Any Generic Democrat Will Do! Poll Shows Unnamed Dem Beats Joe Biden in Beating Trump

Former U.S. Vice President Joe Biden delivers a keynote address regarding the future of the middle class, at the Brookings Institution, on May 8, 2018 in Washington, DC. (Photo: Mark Wilson/Getty Images)

Any Generic Democrat Will Do! Poll Shows Unnamed Dem Beats Joe Biden in Beating Trump

If election were held today, 48 percent of voters said they'd back a nameless Democratic candidate and just 35 percent would pick Trump

A new poll out Wednesday reveals that a generic Democratic candidate has a better chance than former Vice President Joe Biden of beating President Donald Trump.

The new Morning Consult/Politico poll (pdf) shows that if the 2020 election were held today, 44 percent of voters would choose Biden, while 37 percent would pick Trump, giving the former vice president a 7-point edge.

If the choice were between re-electing Trump and a nameless Democratic candidate, however, 48 percent said they'd back the Democratic candidate and just 35 percent would pick Trump, a 13-point difference.

The online survey of 1,993 registered voters was conducted July 26-30, a week after Trump said, "I dream about Biden" being the Democratic presidential candidate in 2020 and argued that President Barack Obama "took him out of the garbage heap."

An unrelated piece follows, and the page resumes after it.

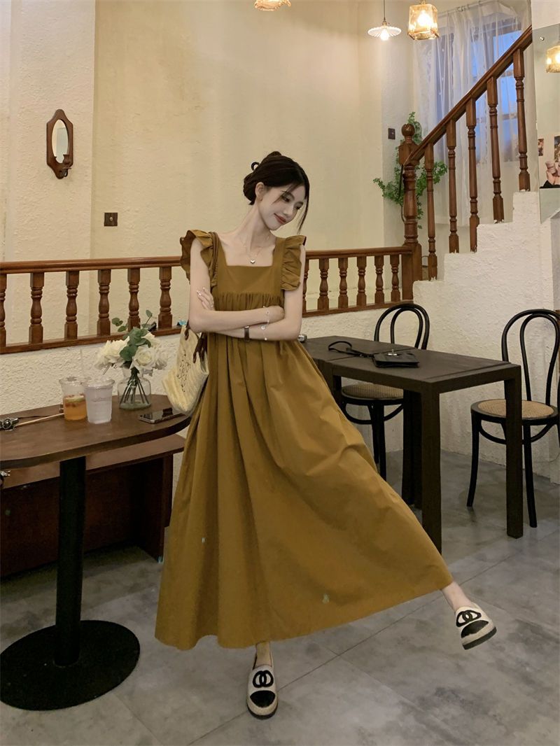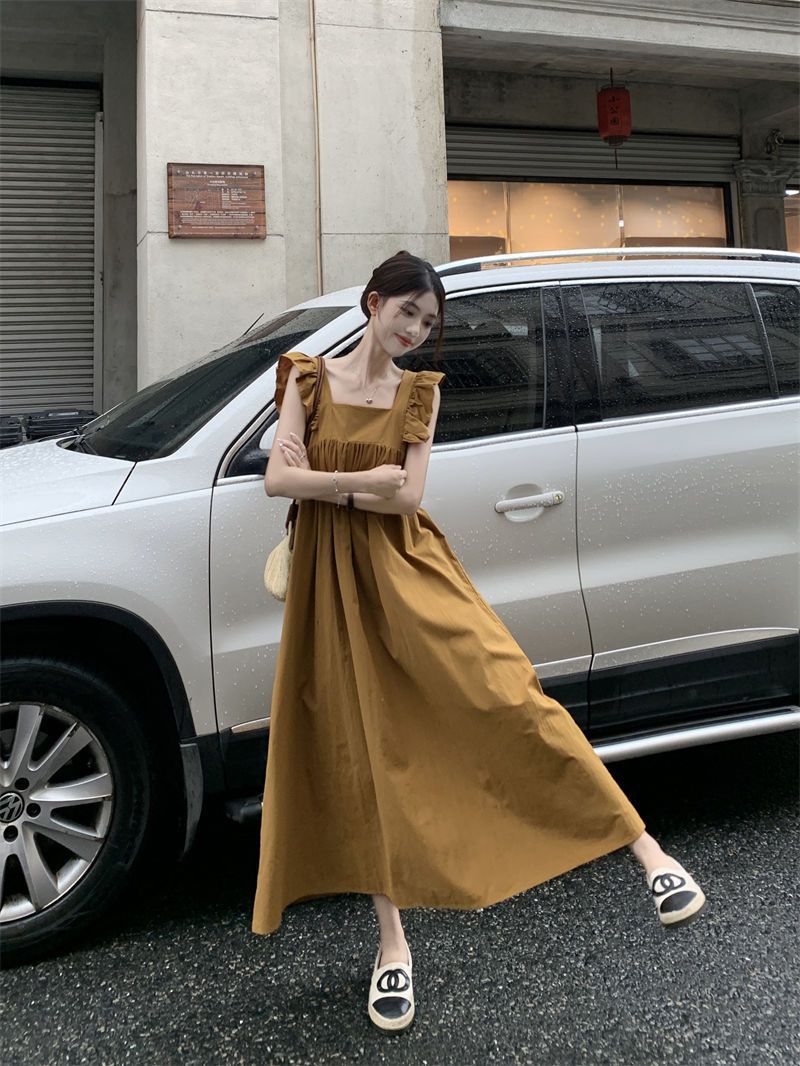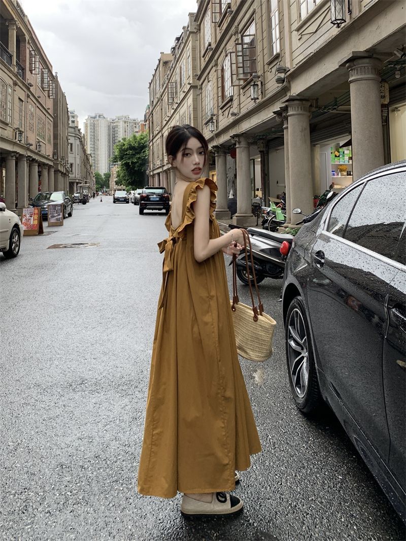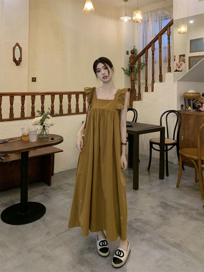 부드러운 스타일 넥타이 활 원피스 여성 여름 달콤한 작은 비행 소매 우아한 타이트 허리 슬리밍 A-라인 긴 스커트

Biden, who's stressed he's "not Bernie Sanders," has said he'd announce by January whether or not he'll be running.

According toCNN analyst Harry Enten, "It's certainly conceivable that someone who isn't very liberal could win the Democratic nomination in 2020. It will be difficult, however. We saw Clinton tack to the left in 2016 because she felt the pressure on the left from Sanders. Expect the pressure to be even greater on Democrats heading into 2020."

Just ahead of her win in New York's congressional primary, Alexandria Ocasio-Cortez said it was time "to talk about the future of the Democratic Party," and argued that "what we desperately need right now are fierce advocates for economic, social, and racial justice."